TASK DESCRIPTION – Skip the pictures and write out, word for word, the lines below from the one with "rgb(44, 169, 188);" through the one with "シャープなフォックス調のフレ", inclusive.

*** PROVIDED MATERIAL ***

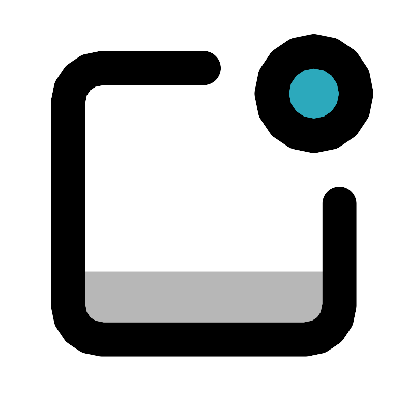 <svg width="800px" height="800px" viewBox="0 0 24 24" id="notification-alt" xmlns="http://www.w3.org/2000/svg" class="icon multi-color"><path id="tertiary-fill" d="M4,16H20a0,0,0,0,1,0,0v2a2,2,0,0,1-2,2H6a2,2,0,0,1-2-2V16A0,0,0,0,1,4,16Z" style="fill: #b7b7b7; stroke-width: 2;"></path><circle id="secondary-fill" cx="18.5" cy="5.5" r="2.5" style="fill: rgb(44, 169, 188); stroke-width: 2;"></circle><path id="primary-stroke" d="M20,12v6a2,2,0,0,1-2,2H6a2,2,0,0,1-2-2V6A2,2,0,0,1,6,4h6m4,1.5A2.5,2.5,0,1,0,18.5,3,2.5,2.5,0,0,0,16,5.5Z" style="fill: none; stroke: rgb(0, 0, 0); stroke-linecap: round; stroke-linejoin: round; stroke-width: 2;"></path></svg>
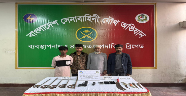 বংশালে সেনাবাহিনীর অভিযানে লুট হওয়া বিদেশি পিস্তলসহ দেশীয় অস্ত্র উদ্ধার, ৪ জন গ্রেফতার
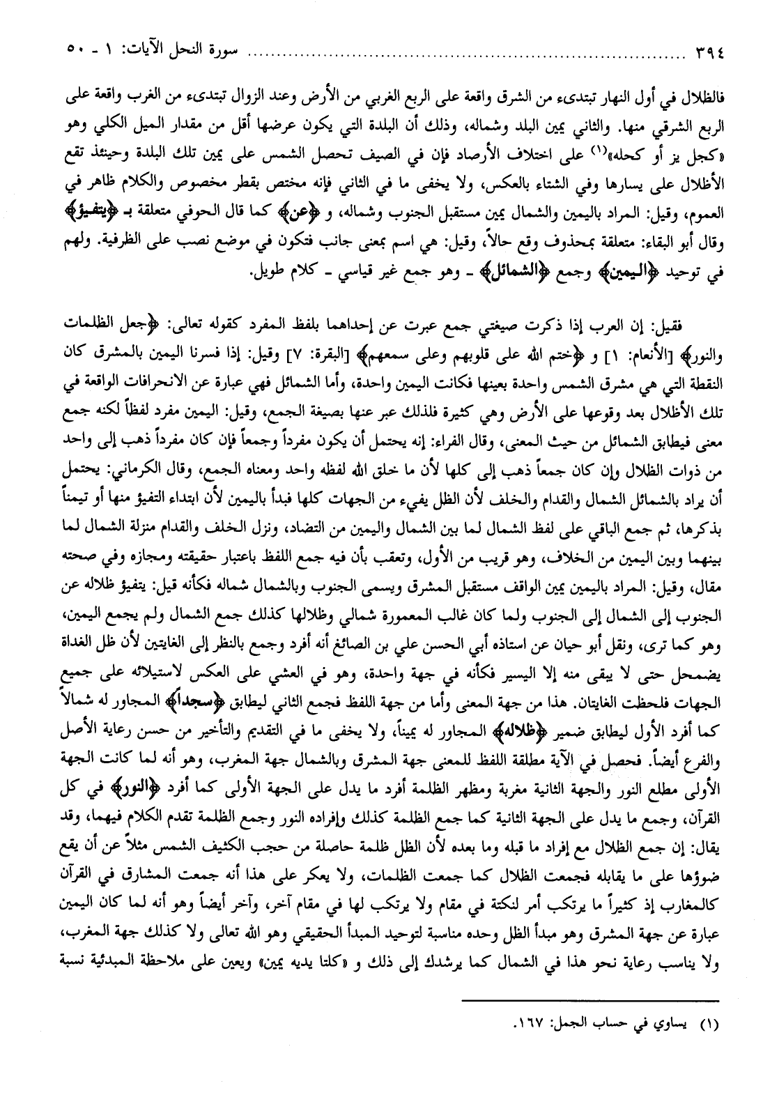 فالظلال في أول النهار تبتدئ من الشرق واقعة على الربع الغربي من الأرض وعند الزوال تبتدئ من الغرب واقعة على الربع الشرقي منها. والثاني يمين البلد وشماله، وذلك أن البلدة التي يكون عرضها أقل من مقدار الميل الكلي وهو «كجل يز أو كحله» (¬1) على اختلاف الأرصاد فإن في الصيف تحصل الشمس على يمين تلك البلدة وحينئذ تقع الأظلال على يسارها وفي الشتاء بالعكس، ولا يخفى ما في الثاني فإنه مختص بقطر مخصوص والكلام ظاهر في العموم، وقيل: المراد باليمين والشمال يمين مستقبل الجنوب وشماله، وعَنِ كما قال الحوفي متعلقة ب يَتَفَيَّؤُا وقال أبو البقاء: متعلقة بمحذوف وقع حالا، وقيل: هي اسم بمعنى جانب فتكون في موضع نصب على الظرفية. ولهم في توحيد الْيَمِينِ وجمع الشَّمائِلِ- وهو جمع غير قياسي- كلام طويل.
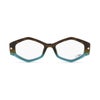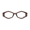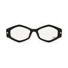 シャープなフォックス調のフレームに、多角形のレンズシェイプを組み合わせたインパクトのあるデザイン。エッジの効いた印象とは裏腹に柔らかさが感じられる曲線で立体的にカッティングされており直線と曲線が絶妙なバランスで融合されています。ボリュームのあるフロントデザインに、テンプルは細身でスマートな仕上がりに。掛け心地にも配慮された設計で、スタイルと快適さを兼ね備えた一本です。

*** End of PROVIDED MATERIAL ***
*** PROVIDED MATERIAL ***

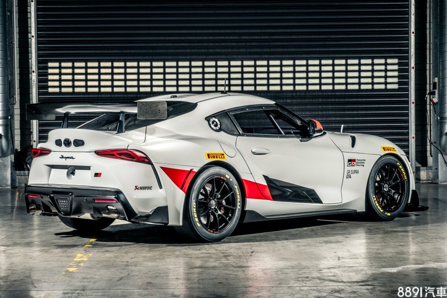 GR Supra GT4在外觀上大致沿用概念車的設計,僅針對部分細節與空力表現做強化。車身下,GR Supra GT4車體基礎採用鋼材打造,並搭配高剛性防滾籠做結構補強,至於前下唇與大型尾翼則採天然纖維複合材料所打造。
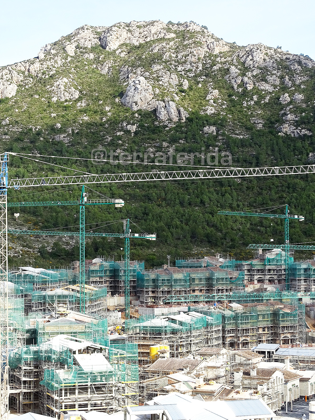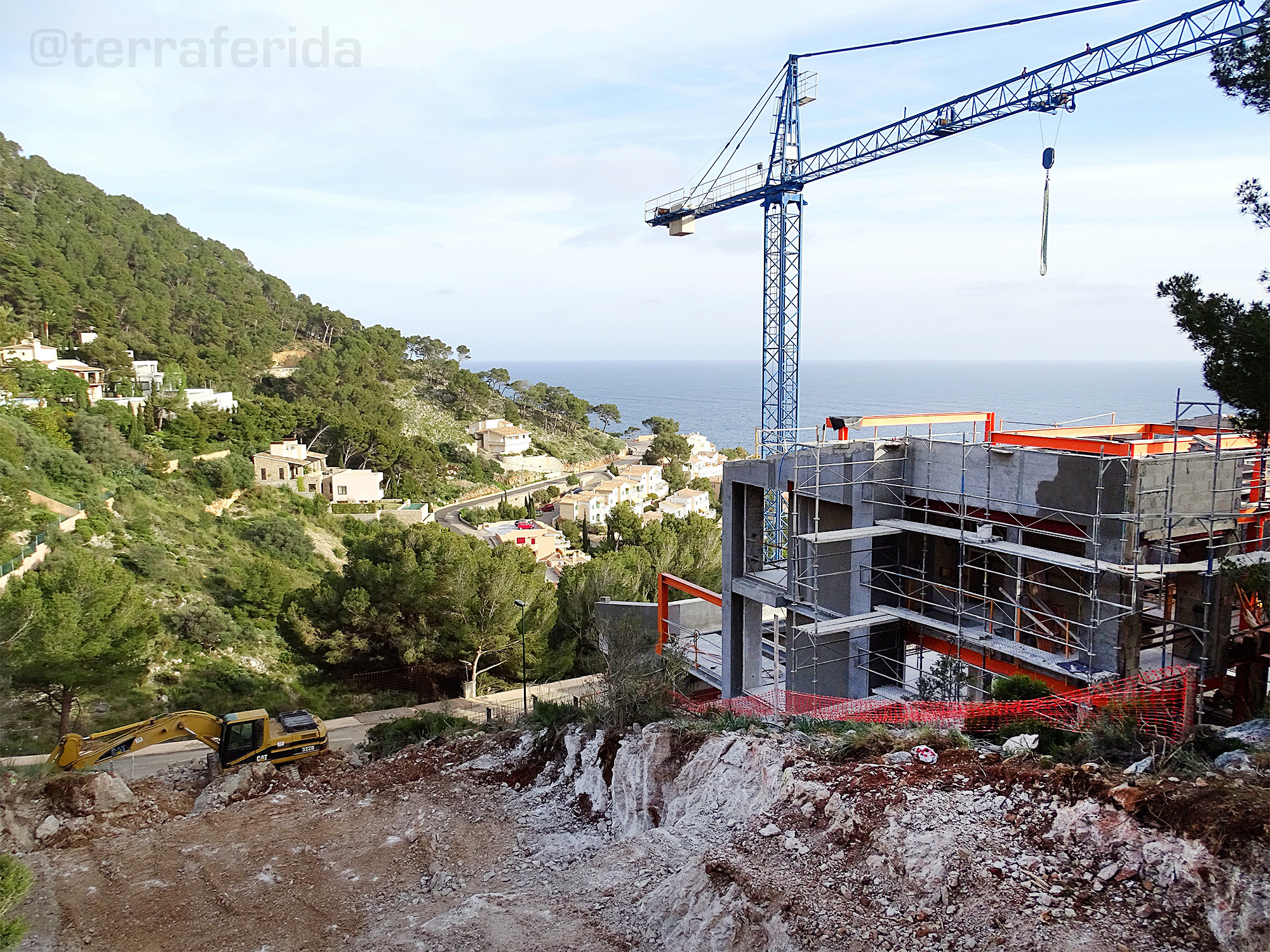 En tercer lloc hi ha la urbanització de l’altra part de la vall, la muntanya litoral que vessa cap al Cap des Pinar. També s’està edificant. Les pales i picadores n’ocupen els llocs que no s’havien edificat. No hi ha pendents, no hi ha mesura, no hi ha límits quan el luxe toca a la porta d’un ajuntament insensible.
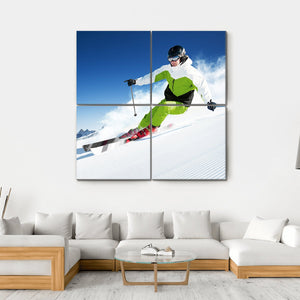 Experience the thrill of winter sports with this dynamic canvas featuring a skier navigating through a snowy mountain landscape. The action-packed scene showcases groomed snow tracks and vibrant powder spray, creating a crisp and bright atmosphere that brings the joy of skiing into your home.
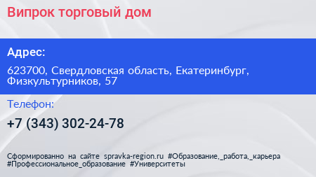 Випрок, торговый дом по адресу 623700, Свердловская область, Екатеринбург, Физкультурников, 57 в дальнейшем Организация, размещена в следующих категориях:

*** End of PROVIDED MATERIAL ***

TASK OUTPUT –
 <svg width="800px" height="800px" viewBox="0 0 24 24" id="notification-alt" xmlns="http://www.w3.org/2000/svg" class="icon multi-color"><path id="tertiary-fill" d="M4,16H20a0,0,0,0,1,0,0v2a2,2,0,0,1-2,2H6a2,2,0,0,1-2-2V16A0,0,0,0,1,4,16Z" style="fill: #b7b7b7; stroke-width: 2;"></path><circle id="secondary-fill" cx="18.5" cy="5.5" r="2.5" style="fill: rgb(44, 169, 188); stroke-width: 2;"></circle><path id="primary-stroke" d="M20,12v6a2,2,0,0,1-2,2H6a2,2,0,0,1-2-2V6A2,2,0,0,1,6,4h6m4,1.5A2.5,2.5,0,1,0,18.5,3,2.5,2.5,0,0,0,16,5.5Z" style="fill: none; stroke: rgb(0, 0, 0); stroke-linecap: round; stroke-linejoin: round; stroke-width: 2;"></path></svg>
 বংশালে সেনাবাহিনীর অভিযানে লুট হওয়া বিদেশি পিস্তলসহ দেশীয় অস্ত্র উদ্ধার, ৪ জন গ্রেফতার
 فالظلال في أول النهار تبتدئ من الشرق واقعة على الربع الغربي من الأرض وعند الزوال تبتدئ من الغرب واقعة على الربع الشرقي منها. والثاني يمين البلد وشماله، وذلك أن البلدة التي يكون عرضها أقل من مقدار الميل الكلي وهو «كجل يز أو كحله» (¬1) على اختلاف الأرصاد فإن في الصيف تحصل الشمس على يمين تلك البلدة وحينئذ تقع الأظلال على يسارها وفي الشتاء بالعكس، ولا يخفى ما في الثاني فإنه مختص بقطر مخصوص والكلام ظاهر في العموم، وقيل: المراد باليمين والشمال يمين مستقبل الجنوب وشماله، وعَنِ كما قال الحوفي متعلقة ب يَتَفَيَّؤُا وقال أبو البقاء: متعلقة بمحذوف وقع حالا، وقيل: هي اسم بمعنى جانب فتكون في موضع نصب على الظرفية. ولهم في توحيد الْيَمِينِ وجمع الشَّمائِلِ- وهو جمع غير قياسي- كلام طويل.
 シャープなフォックス調のフレームに、多角形のレンズシェイプを組み合わせたインパクトのあるデザイン。エッジの効いた印象とは裏腹に柔らかさが感じられる曲線で立体的にカッティングされており直線と曲線が絶妙なバランスで融合されています。ボリュームのあるフロントデザインに、テンプルは細身でスマートな仕上がりに。掛け心地にも配慮された設計で、スタイルと快適さを兼ね備えた一本です。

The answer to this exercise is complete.